Originally, the value of the right node in each layer of ice has eight and all the other nodes have values of zero. This means that all the available bin slots have a capacity of eight.
Now consider the state when oven documents in size eight, six and oven are packed. The two trash cans containing documents of six have available slots in size two (8 – 6), and the trash can, which contains a document with size four, has an available slot of size four (8 – 4). These sizes represent with numbers two and four at leaves two and four of the tree. Several garbage cans remain empty, so leaf eight also has a value of eight.
Note that the value two at leaf two indicates only that at least one trash can in size two is available; It does not indicate how many such slots there are or where they can be found. This information is included in the tables.

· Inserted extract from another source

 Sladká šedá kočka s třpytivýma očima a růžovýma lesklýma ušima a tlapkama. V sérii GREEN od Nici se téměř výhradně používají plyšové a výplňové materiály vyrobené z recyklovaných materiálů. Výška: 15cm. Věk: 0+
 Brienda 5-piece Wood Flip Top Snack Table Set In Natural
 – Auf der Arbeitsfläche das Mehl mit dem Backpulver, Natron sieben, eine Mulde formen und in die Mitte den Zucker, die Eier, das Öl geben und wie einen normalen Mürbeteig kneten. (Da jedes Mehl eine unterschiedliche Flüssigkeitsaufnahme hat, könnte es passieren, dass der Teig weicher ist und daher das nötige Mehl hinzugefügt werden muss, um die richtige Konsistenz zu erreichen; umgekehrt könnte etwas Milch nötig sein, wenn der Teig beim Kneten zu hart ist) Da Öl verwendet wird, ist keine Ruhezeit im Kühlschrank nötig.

Now consider a document of size three that we want to assign to a trash can. To find the best available bin slot simply go left at each knot of the tree, unless it goes to the left leading to a knot whose value is smaller than the document size, in which case go right.

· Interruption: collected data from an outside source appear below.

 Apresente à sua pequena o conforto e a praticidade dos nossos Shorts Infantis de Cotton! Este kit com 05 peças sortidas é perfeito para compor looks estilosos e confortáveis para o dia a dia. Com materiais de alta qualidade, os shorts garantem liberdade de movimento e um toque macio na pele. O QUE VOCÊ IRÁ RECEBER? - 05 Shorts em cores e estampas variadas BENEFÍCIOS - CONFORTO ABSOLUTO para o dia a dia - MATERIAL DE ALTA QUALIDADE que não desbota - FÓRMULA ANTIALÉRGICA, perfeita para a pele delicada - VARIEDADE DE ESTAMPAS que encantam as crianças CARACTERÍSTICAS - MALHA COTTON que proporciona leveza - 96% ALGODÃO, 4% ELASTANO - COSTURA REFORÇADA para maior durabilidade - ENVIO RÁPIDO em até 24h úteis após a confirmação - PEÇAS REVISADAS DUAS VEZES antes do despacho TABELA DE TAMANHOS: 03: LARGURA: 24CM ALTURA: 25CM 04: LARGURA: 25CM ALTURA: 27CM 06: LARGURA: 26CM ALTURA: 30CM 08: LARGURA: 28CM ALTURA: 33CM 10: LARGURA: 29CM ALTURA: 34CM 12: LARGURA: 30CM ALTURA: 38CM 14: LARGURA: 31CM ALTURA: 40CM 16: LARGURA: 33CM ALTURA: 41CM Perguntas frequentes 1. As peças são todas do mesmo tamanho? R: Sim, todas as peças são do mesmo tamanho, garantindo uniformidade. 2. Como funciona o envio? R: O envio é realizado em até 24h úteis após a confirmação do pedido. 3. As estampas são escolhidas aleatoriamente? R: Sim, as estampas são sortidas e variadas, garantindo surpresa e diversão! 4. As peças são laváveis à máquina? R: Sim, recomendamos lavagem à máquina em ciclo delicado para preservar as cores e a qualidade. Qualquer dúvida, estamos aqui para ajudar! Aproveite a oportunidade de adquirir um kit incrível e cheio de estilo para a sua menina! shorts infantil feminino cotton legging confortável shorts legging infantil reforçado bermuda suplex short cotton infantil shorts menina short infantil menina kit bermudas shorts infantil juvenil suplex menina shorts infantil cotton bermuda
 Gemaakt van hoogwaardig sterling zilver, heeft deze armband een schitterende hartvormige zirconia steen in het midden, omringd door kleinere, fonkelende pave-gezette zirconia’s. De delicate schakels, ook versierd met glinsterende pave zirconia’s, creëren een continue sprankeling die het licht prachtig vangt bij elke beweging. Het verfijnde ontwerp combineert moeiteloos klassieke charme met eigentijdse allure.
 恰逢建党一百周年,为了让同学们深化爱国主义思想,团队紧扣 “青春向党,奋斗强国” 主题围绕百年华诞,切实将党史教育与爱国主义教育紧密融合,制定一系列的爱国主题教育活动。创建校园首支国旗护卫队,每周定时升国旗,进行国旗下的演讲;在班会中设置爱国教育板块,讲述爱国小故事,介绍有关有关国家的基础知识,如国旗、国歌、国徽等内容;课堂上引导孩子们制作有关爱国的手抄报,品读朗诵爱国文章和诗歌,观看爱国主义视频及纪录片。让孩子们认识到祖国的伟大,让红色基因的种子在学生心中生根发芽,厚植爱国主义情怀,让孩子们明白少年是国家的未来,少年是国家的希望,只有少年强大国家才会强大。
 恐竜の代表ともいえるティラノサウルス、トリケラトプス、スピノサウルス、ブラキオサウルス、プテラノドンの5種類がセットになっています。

The best fit for a size three document is slot in size four, and in the “Space-to-Bins” table we see that it is a bin-bin three with a slot of that size. So there we place the document.
Finlly, we update all three data structures to reflect the new location:
Results
To evaluate the effect of bin packing on downnstream tasks, we longed models of 7 billion and 13 billion parameters with context lengths of 2,000 and 8,000 on text and code using both best fit packing and coherence. We rested both sets of models on six downstream tasks. On average, several data sets, context lengths and measurements, best care packing offered better performance on all six tasks. The biggest winnings came in reading understanding (+4.7%), natural-linguistic inference (+9.3%), context after (+16.8%) and program synthesis (+15.0%).
We also found that packing the best suitable care helped prevent hallucination in dense domain, especially in program synthesis tasks, where the reduced “undefined name” error by up to 58.3%, indicating a more complete understanding of the program structure and logic .
In addition, models that are trained with best suited packing are better at following instructions such as adherence to longitudinal restrictions. And packing the best fit helped the model of acquiring “tail knowledge” It is sensitive truncation due to scarcity of training data. In fact, this result suggests why LLMs fight against knowledge of long tail.
While the experience performed in our Paper Primary, which is focused on LLM preliminary, the most suitable pack is widely useful for fine tuning. Determining the benefits it can offer during fine tuning is an exciting topic for future study.